Now let's say we add a new vertex shader that does vertex weighted skinning. It provides the same outputs as the old vertex shader, but it has a bunch of uniforms and input weights for skinning.
That gives us 2 vertex shaders and 2 fragment shaders. A total of 4 program combinations.
What happens when we add 2 more compatible fragment shaders? We get 8 combinations. If we have 3 vertex and 10 fragment shaders, we have 30 total program combinations.
With separate shaders, 3 vertex and 10 fragment shaders needs 30 program pipeline objects, but only 13 program objects. That's over 50% fewer program objects than the non-separate case.
Why the quoted text is wrong
Now ,this line [...] makes me wonder.
It should make you wonder; it's wrong in several ways. For example:
the VAO, is a container object that links buffer data, vertex layout data and GLSL program input data.
No, it does not. It ties buffer objects that provide vertex data to the vertex formats for that data. And it specifies which vertex attribute indices that goes to. But how tightly coupled this is to "GLSL program input data" is entirely up to you.
Without a dedicated software design, this means that when I change the material of an object (a new fragment shader), I need different VAO...
Unless this line equates "a dedicated software design" with "reasonable programming practice", this is pure nonsense.
Here's what I mean. You'll see example code online that does things like this when they set up their vertex data:
glBindBuffer(GL_ARRAY_BUFFER, buffer_object);
glEnableVertexAttribArray(glGetAttribLocation(prog, "position"));
glVertexAttribPointer(glGetAttribLocation(prog, "position"), ...);
There is a technical term for this: terrible code. The only reason to do this is if the shader specified by prog is somehow not under your direct control. And if that's the case... how do you know that prog has an attribute named "position" at all?
Reasonable programming practice for shaders is to use conventions.
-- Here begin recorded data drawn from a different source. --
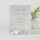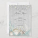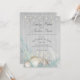 Seaside beach wedding invitation with weathered grey wood shiplap and pampas grasses with pretty seashells and starfish adorned in string lights. Romantic and rustic, boho beach wedding invitation.
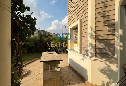 بجوار الجامعة الامريكية شقة بحديقة تشطيب فاخر بالتكييفات موقع مميز بالقرب من مطار القاهرة
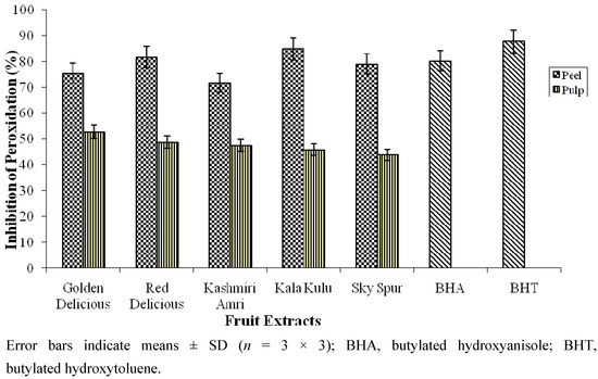 A significant difference in percent inhibition of peroxidation was observed between peel and pulp parts of the five cultivars of apple fruit. However, variation of these data among different cultivars was found to be non-significant. Considerable inhibition of linoleic acid peroxidation by peel and pulp extracts tested might be attributed to the presence of phenolics, anthocyanins, epicatechin and flavone-3-ol in these fruits [25].
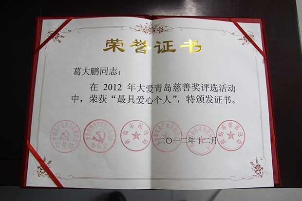 12月30日晚,青岛市慈善总会2013年慈心童行元旦慈善晚宴在黄岛饭店举行。会上对2012年度“大爱青岛慈善奖”评出的在助医、助学、安老、慈孤、赈灾、义工服务等方面,做出突出贡献的27个集体和50名爱心个人进行了表彰。betway西汉姆联官方网站副总裁葛大鹏荣获“最具爱心个人”荣耀称号。
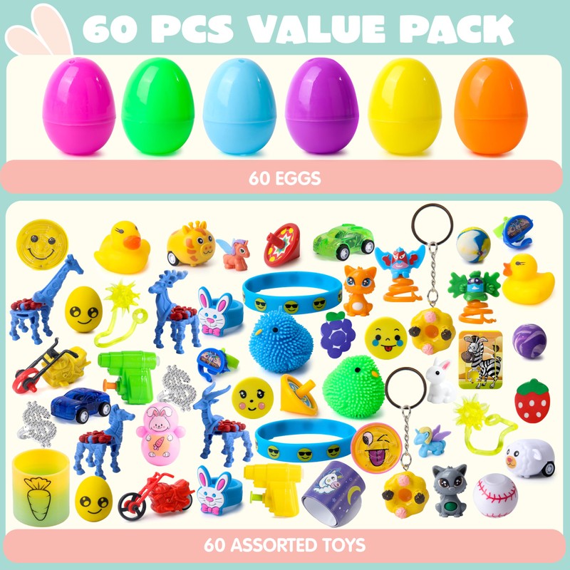 - VALUABLE SET. Our Easter egg pack has 60 bright color egg pieces filled with mini novelty toys and stickers. Each egg measures 2 3/8 inches.
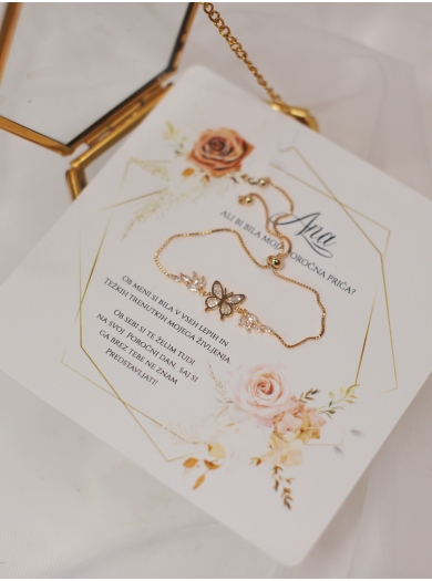 Izkažite svojo hvaležnost poročni priči ali družici z elegantno zapestnico. Izdelana je iz visokokakovostne rosegold nerjaveče kovine, njen simbol metulja pa je prefinjeno okrašen z bleščečimi kristalčki.

That's how you know prog has an attribute named "position". But if you know that every program is going to have an attribute named "position", why not take it one step further? When it comes time to link a program, do this:
GLuint prog = glCreateProgram();
glAttachShader(prog, ...); //Repeat as needed.
glBindAttribLocation(prog, 0, "position");
After all, you know that this program must have an attribute named "position"; you're going to assume that when you get it's location later. So cut out the middle man and tell OpenGL what location to use.
This way, you don't have to use glGetAttribLocation; just use 0 when you mean "position".
Even if prog doesn't have an attribute named "position", this will still link successfully. OpenGL doesn't mind if you bind attribute locations that don't exist. So you can just apply a series of glBindAttribLocation calls to every program you create, without problems. Indeed, you can have multiple conventions for your attribute names, and as long as you stick to one set or the other, you'll be fine.
Even better, stick it in the shader and don't bother with the glBindAttribLocation solution at all:
#version 330
layout(location = 0) in vec4 position;
In short: always use conventions for your attribute locations. If you see glGetAttribLocation in a program, consider that a code smell. That way, you can use any VAO for any program, since the VAO is simply written against the convention.
I don't see how having a convention equates to "dedicated software design", but hey, I didn't write that line either.
I can switch between different shader programs
Yes, but you have to replace whole programs altogether. Separate shader objects allow you to replace only one stage (e.g. only vertex shader).
If you have for example N vertex shaders and M vertex shaders, using conventional linking you would have N * M program objects (to cover all posible combinations). Using separate shader objects, they are separated from each other, and thus you need to keep only N + M shader objects. That's a significant improvement in complex scenarios.